Changes for the Masters, but what about the FdExCup

The Masters seems to understand. Will the PGA Tour get the message?

By John Hawkins
Photos By Getty Images November 6, 2008

Edge of your seat golf? Jaw dropping excitement? John Hawkins believes Ponte Vedra should maybe listen to the green jackets in Augusta.

Hawk's Eye

Down at the little ballpark in northeast Georgia, the fellas in the green jackets are searching for their golf tournament. Once a tradition unlike any other, long the game's greatest creator of high-end Sunday drama, the Masters has become a U.S. Open with prettier flowers. In waging a war on equipment that helps the ball travel farther and straighter, the old-school disciples at Augusta National went too far themselves.

Higher scoring, louder snoring, just plain boring. If you're ever lucky enough to stand behind the seventh green, picture yourself trying to park a 5-iron on an elevated poker table meant to accommodate a wedge. Under former Masters chairman Hootie Johnson, the par-4 seventh was lengthened from 375 to 450 yards, a character-killing increase of 20 percent. As if to make sure everyone was paying attention, Johnson also tightened the fairway by adding trees on both sides.

When it comes to autocratic behavior, that's not asking for trouble. That's making it your guest of honor.

About 300 miles to the south, the knotted ties who run the PGA Tour are trying to figure out how to fix their FedEx Cup playoff series. Unlike the men who lord over the Masters, Camp Ponte Vedra must consider numerous constituencies when tweaking the dials on its flawed postseason format. Sponsors. Television networks. Tiger Woods. The guys trying to beat him. Mid-level players and fringers. Most of all, it has to satisfy Joe Fan -- the guy who watches every week and eats pro golf on the internet for breakfast.

So many people to make happy, just one playoff, not enough interest. When the 16-man Player Advisory Council gathered on a teleconference Tuesday to discuss changes in the format, it quickly realized the tour, as is often the case, already had determined a plan of action and wouldn't be holding a forum to solicit new ideas, which many of these guys definitely have.

"They kind of jammed it down our throats," said one veteran. Added Tom Pernice Jr., who has served on both the PAC and PGA Tour Policy Board: "It sounded like Tim [commissioner Finchem] and his staff had decided which direction they're going to go." When I relayed Pernice's thoughts to Joe Ogilvie, a board member whom many players consider their strongest voice of reason, he replied, "I would say Tom is pretty accurate on that."

As the leaves fall and the country prepares for a transition in the White House, two of the game's most powerful governing bodies are finding that change can be a loaded mousetrap. In a typically genteel statement announcing what sound like very minor alterations to Augusta National -- a tee box moved here, a few trees removed there -- the movement has begun to undo the mistakes made during Johnson's somewhat zealous tenure.

His idea was to Tiger-proof the joint.

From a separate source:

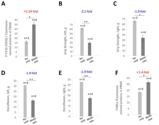 Correlation of the average levels of active GSK3β in blood with the muscle performance of DM1 patients with different severity of muscle disease. (A) Comparison of the average GSK3β levels in PBMCs from adult-onset DM1 patients with 68–100 CTG repeats without myotonia (n = 3) and in patients with 131–500 CTG repeats with myotonia and muscle weakness (n = 4). Western blot data and signal intensity analyses (using Image J2) are shown in Figure 1B,C. A group of DM1 patients with mild muscle disease includes DM1 patients: DM1–68, DM1–74 and DM–100. A group of DM1 patients with moderate muscle weakness includes DM1–131, DM1–163, DM1 > 200 and DM1 ~ 500. The values of grip strength (B,C) and ankle strength (D,E) were compared in adult-onset DM1 patients with mild (n = 3) and moderate (n = 4) skeletal muscle weakness. The skeletal muscle outcomes for each patient with DM1 are shown in Figure 2A,B. (F) Comparison of the blood levels of THBS1 in adult-onset DM1 patients with mild and moderate skeletal muscle disease. Western blot analyses of THBS1 in DM1 blood samples are shown in Figure 1B. Standard deviations and the number of DM1 patients is shown. * and ** are p values < 0.05 and <0.01 for the DM1 patients with mild vs. moderate muscle weakness.
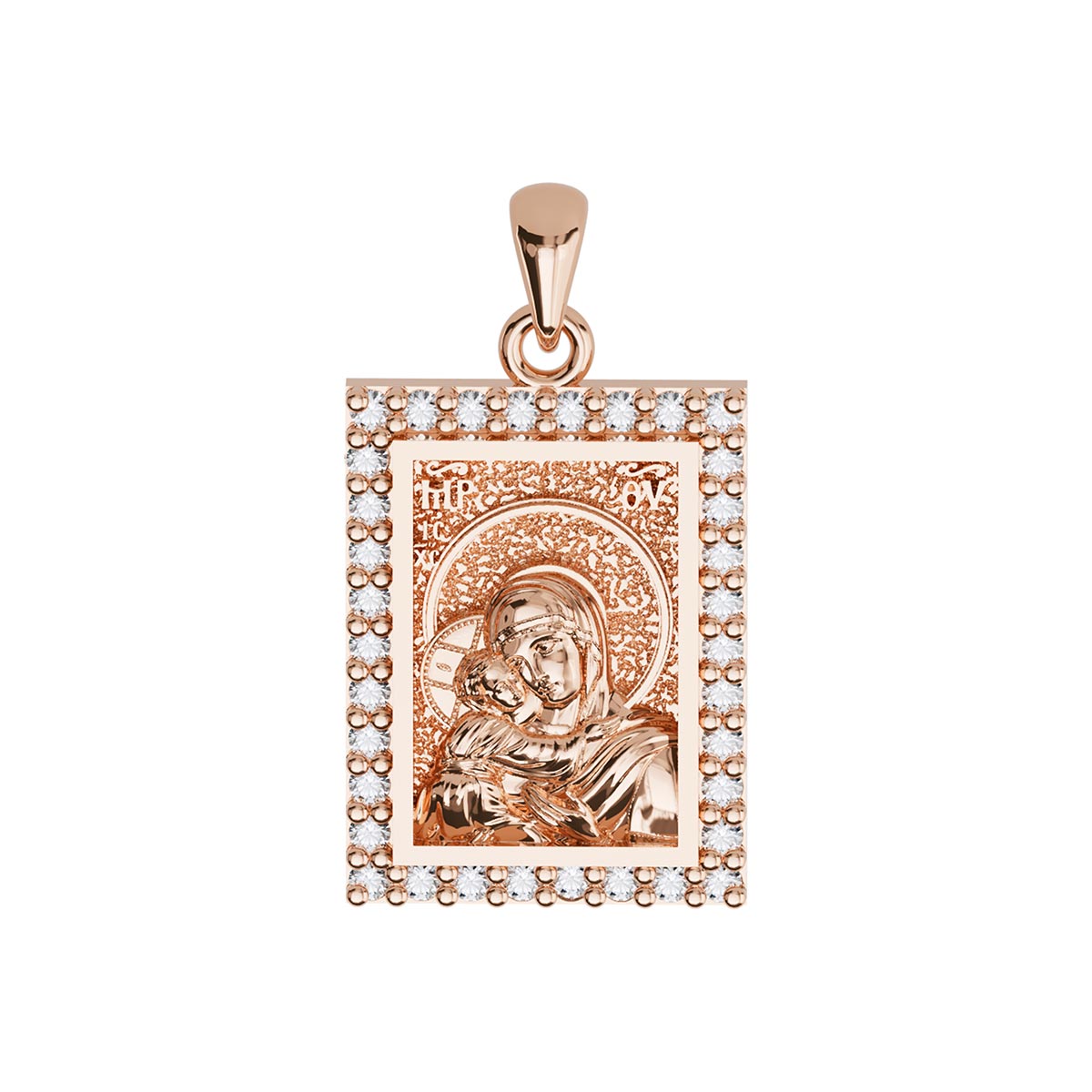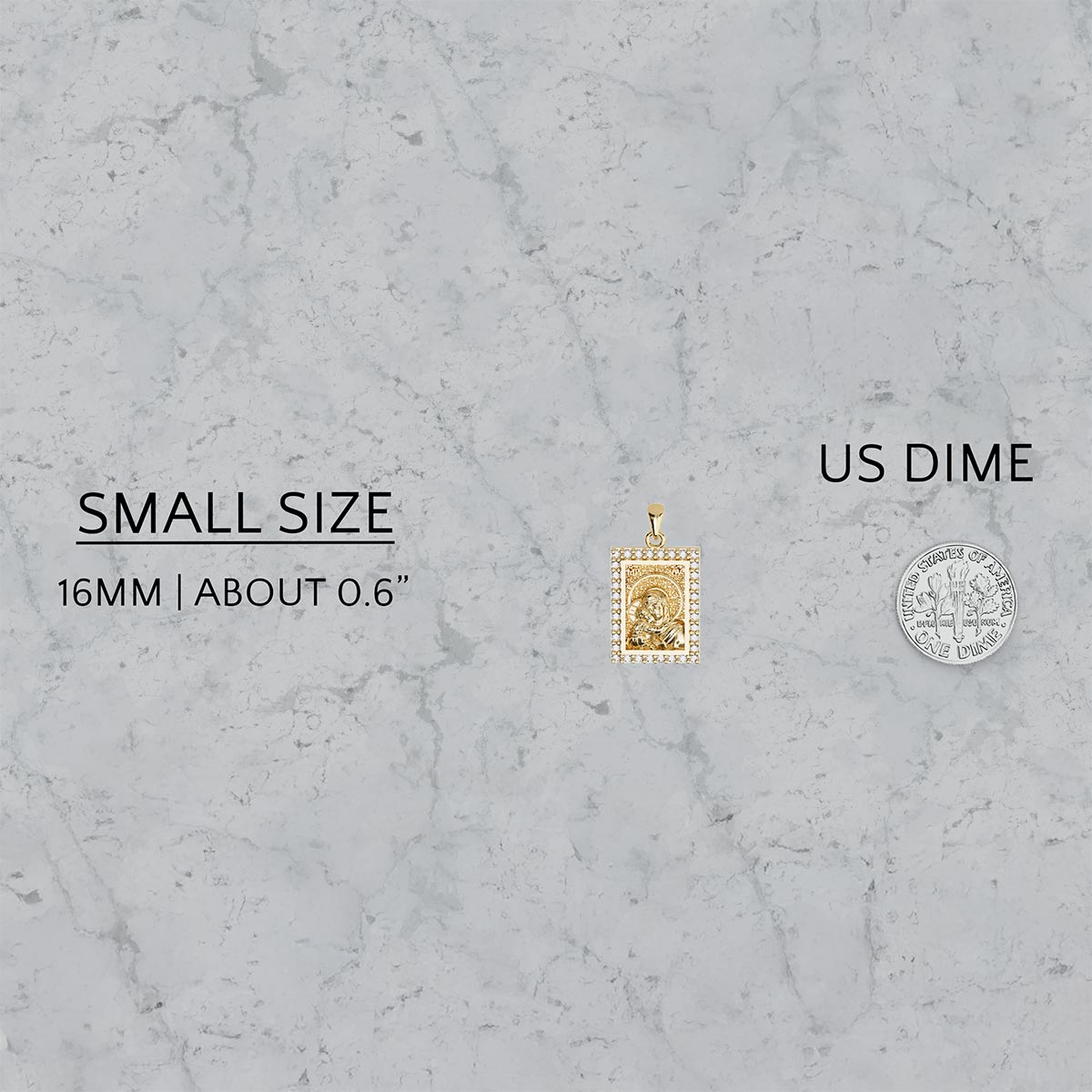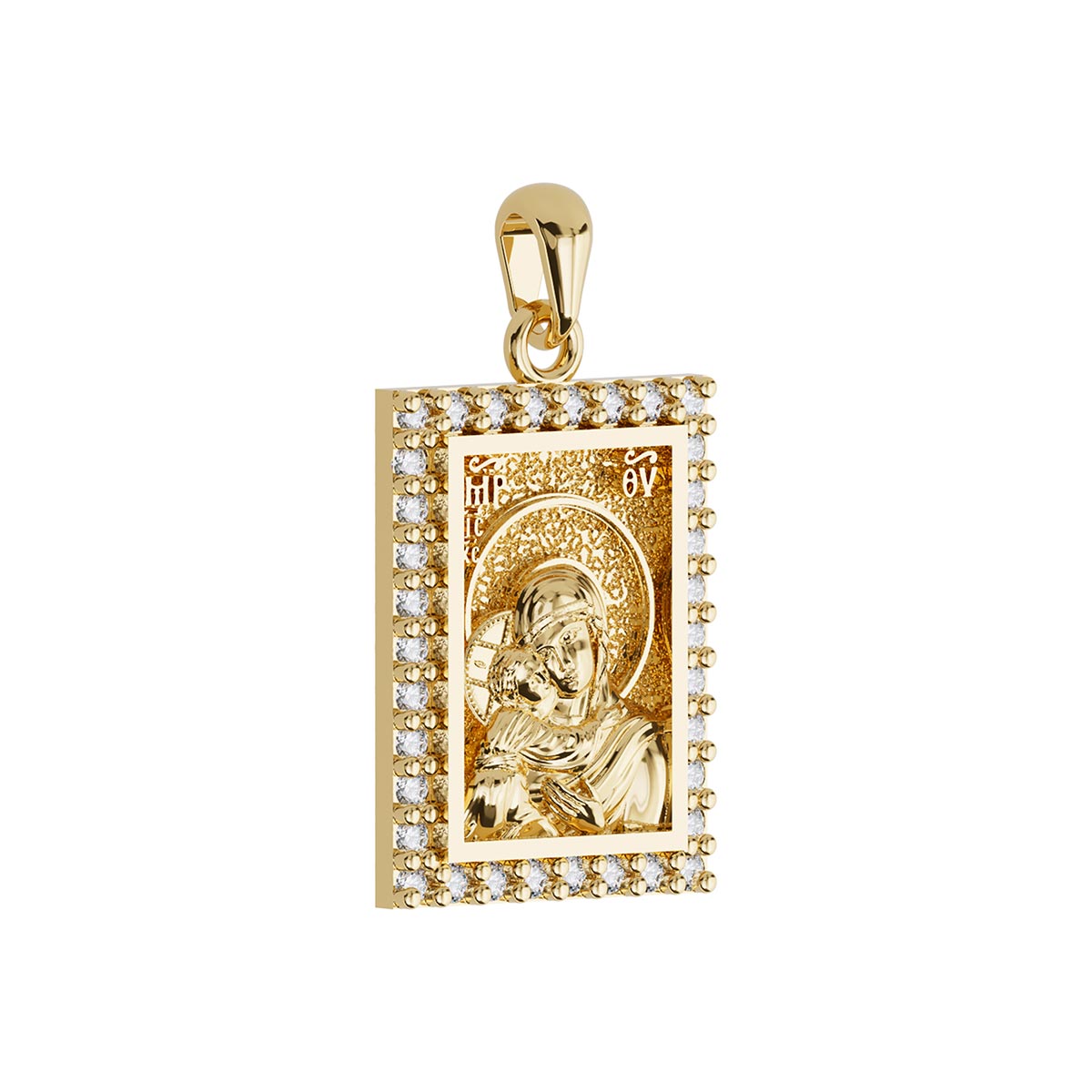 Virgin Mary Panagia Theotokos Sculpted Small Pavé Tag Medal

Now it's all about unHootiefying it.

Current chairman Billy Payne is not one to show up his predecessor, so most of the work will be done over time, a lot of it discreetly, some of it probably will go unannounced. The seventh and par-4 11th should be at the top of that priority list. Both holes were modified to an extent that they have lost their intended disposition, overruling the brilliance of Bobby Jones, who clearly was influenced by the Old Course at St. Andrews when designing his once-timeless masterpiece.

Before Johnson turned the cathedral into a parkland-themed soapbox, Jones created 18 holes that could be played from many different angles, risk and reward everywhere, with an obvious emphasis on precision and a healthy respect for distance. By introducing a light coat of rough and adding a leafy neighborhood's worth of trees, Jones' vision was compromised, perhaps unwittingly, but at Augusta National, the game's finest competitive stage, compromise isn't really an option. Just ask Martha Burk.

Not every Masters was great before the course lobotomy, nor has every Masters been lousy since, but the last two were duds, affected adversely by weather that was tough but not crazy. Payne referred to this in his statement, but if irony is reality, the stiff breezes and chilly temperatures exposed Jones' beauty as Johnson's beast -- what had always been a very playable course could now become unscorable.

Mr. Jones isn't available for comment, but you can read his mind. A two- or three-club wind shouldn't turn the azalea patch into a nightmare.

In a year that produced one of the most memorable U.S. Opens ever, a terrific British Open (talk about nasty weather) and a PGA Championship that finished strong, the Masters finished last in major-championship market value. No drama, no water-cooler buzz, which puts it in less-than-stellar company with the FedEx Cup playoffs. "We're moving forward, it's going to be better, but it couldn't be worse than it was this year," assessed Pernice, who says what he thinks and does a lot of thinking.